* [WORK INSTRUCTIONS]
Write out the whole listing below exactly, skipping each picture.

* [DATASET EXTRACT]
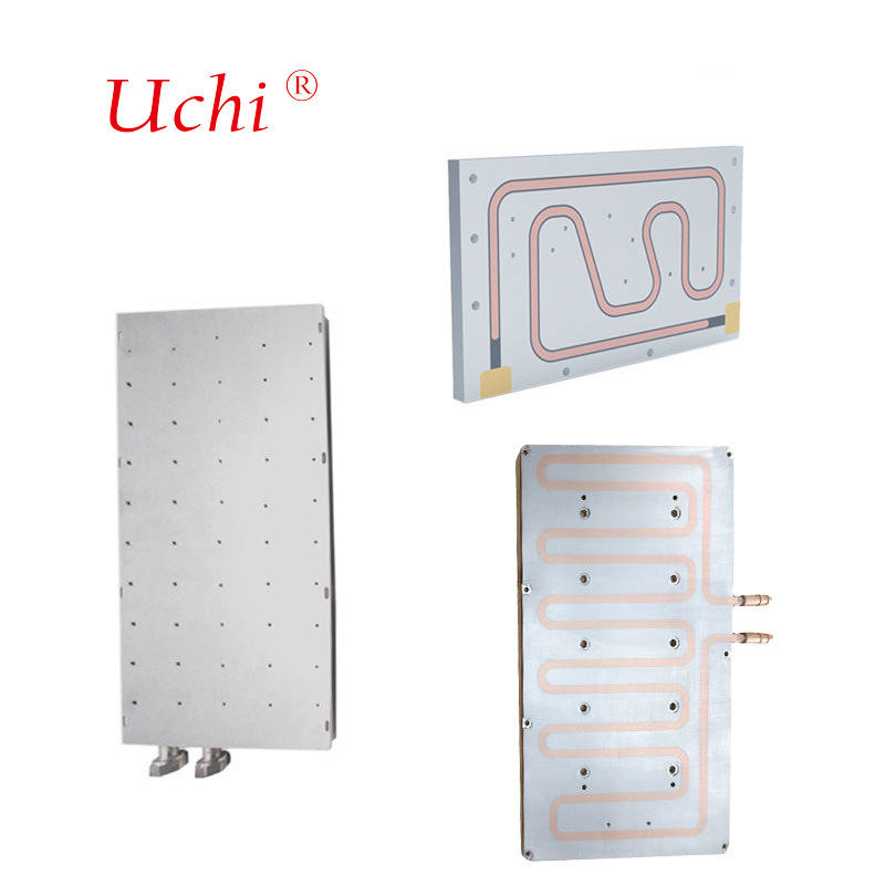 Komponen inti: pelat bawah (aluminium/tembaga, langsung dilampirkan ke sumber panas), saluran aliran internal (serpentine/paralel/mikrokanal), pelat penutup (saluran aliran tertutup),dan sendi masuk dan keluar cairan; cairan pendingin yang biasa digunakan adalah air deionisasi, campuran air-glikol.
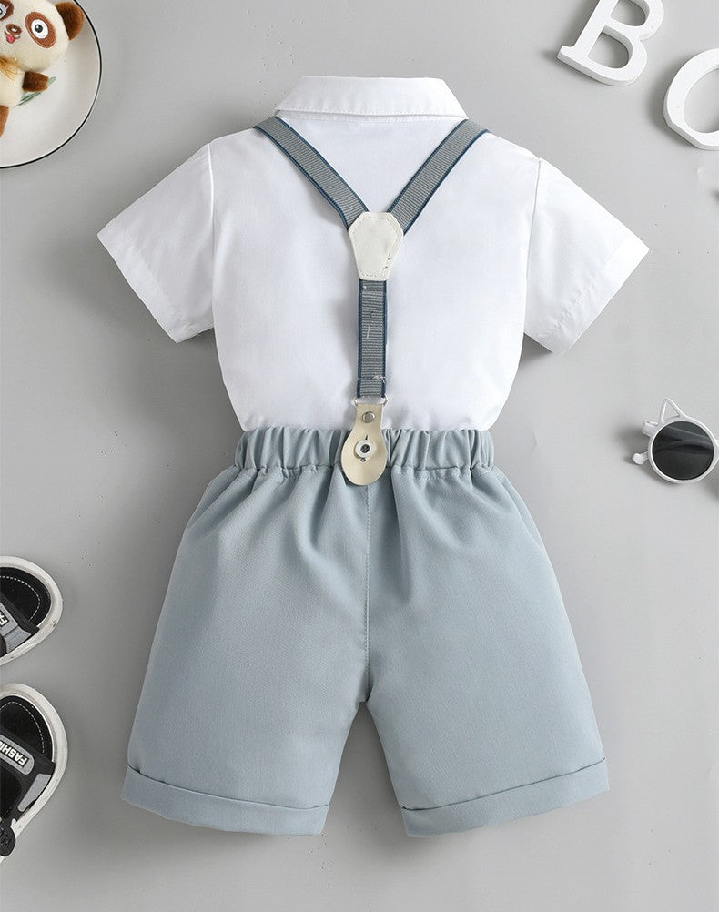 Camisa blanco con short, moño y tirante gris
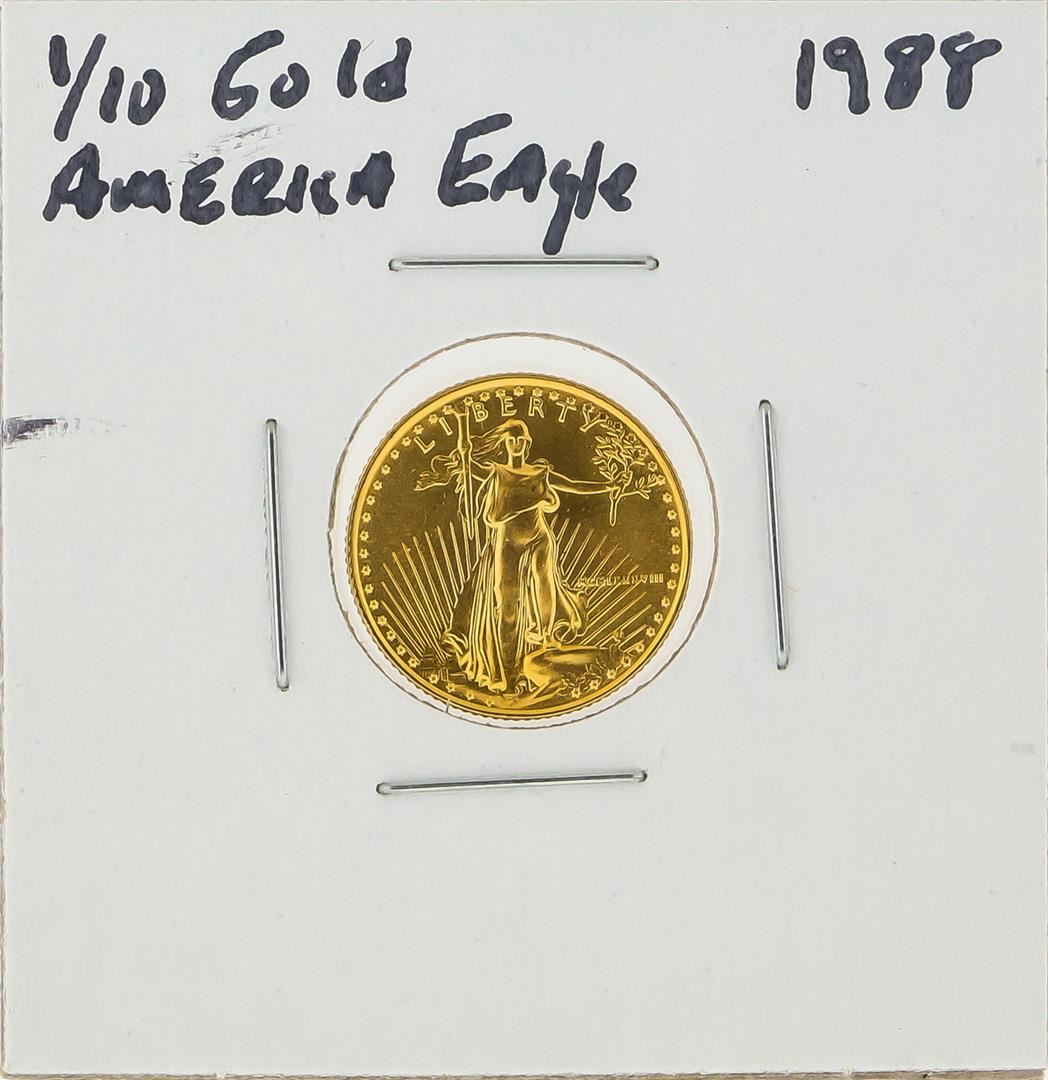 One 1988 $5 1/10oz American Gold Eagle Coin.

* [WRITTEN SOLUTION]
 Komponen inti: pelat bawah (aluminium/tembaga, langsung dilampirkan ke sumber panas), saluran aliran internal (serpentine/paralel/mikrokanal), pelat penutup (saluran aliran tertutup),dan sendi masuk dan keluar cairan; cairan pendingin yang biasa digunakan adalah air deionisasi, campuran air-glikol.
 Camisa blanco con short, moño y tirante gris
 One 1988 $5 1/10oz American Gold Eagle Coin.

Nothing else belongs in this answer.